Lo que permanece bajo la sombra del misterio es esta aparente preselección de Dios.  Digo lo de “aparente” porque bien podría ser que él a quien eligiera fuera a Jesucristo, y a quienes encontrara “en él” por medio de la fe.  Estos serían los invitados, los integrados a su familia.   Pero insisto en que yo sería un necio si ignorara mis limitaciones para entender esto.  Así como lo veo, esto cae dentro de esa categoría de conceptos, ideas y conocimientos que recién podré entender cuando esté más allá de las limitaciones de esta vida. 

Eso no quita que me maraville con la grandeza del amor de Dios.  Porque lo que aquí se destaca es la intención y la insistencia de Dios de integrar seres humanos, su creación, a su familia.  Dios me amó tanto que quiso hacerme su hijo. 

A veces uno encuentra en la vida personas que establecen un lazo tan estrecho con uno que deciden “adoptarlo”.  Generalmente esto no ocurre en el sentido literal y legal, sino a nivel de los afectos.  Te pueden decir algo así como “Te quiero tanto que te considero mi hermano”.  Cuando eso sucede nos sentimos muy bien, es una cálida sensación la de sentirnos amados, aceptados, recibidos.  Ahora observa que quién te está diciendo eso en este momento ¡es Dios!
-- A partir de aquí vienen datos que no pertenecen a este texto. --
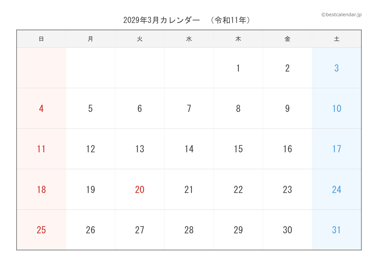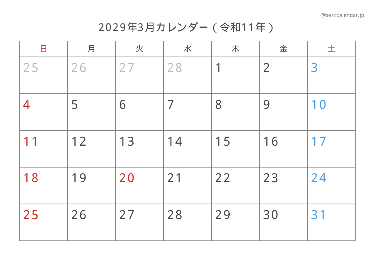 2029年3月のカレンダーです。A4サイズ横向きで印刷に最適化されています。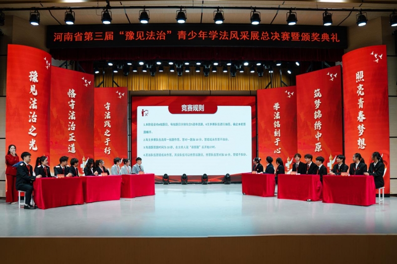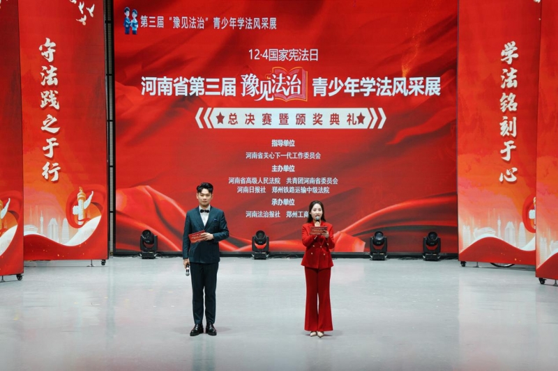 12月4日,河南省第三屆“豫見法治”青少年學(xué)法風(fēng)采展總決賽暨頒獎典禮在鄭州工商學(xué)院宇華講堂圓滿落幕。本次大賽以“法治河南?平安校園”為主題,在河南省關(guān)心下一代工作委員會指導(dǎo)下,由河南省高級人民法院、共青團(tuán)河南省委員會、河南日報(bào)社、鄭州鐵路運(yùn)輸中級人民法院聯(lián)合主辦,河南法治報(bào)社與鄭州工商學(xué)院共同承辦。省關(guān)工委副主任趙鐵軍,省人民法院關(guān)工委執(zhí)行副主任劉明,鄭州鐵路運(yùn)輸中級人民法院黨組書記、院長趙琦婷,河南日報(bào)社黨委委員、副社長王大慶,共青團(tuán)河南省委權(quán)益和社會工作部部長樊宸雨,河南法治報(bào)社社長兼總編輯童浩麟,鄭州工商學(xué)院常務(wù)副校長王提、副校長王瑩等出席活動。全國人大代表石聚彬、買世蕊作為特邀嘉賓蒞臨指導(dǎo)點(diǎn)評。大賽以法治引領(lǐng)青春航向,以平安筑牢校園基石,以競賽激發(fā)學(xué)法熱情,匯聚全省青少年法治英才,全面展現(xiàn)了新時代青少年學(xué)法風(fēng)采。

Es él quien al considerar tu vida extiende la mano hacia ti, te mira a los ojos y con esa irrevocable capacidad para conmoverte te dice al corazón: “Te amo tanto que quiero que seas mi hijo”.  ¡Eso es lo que dice en estas palabras!

A esta altura ya sobran mis palabras, están de más.  Quédate conversando con el Padre, porque eres su deleite.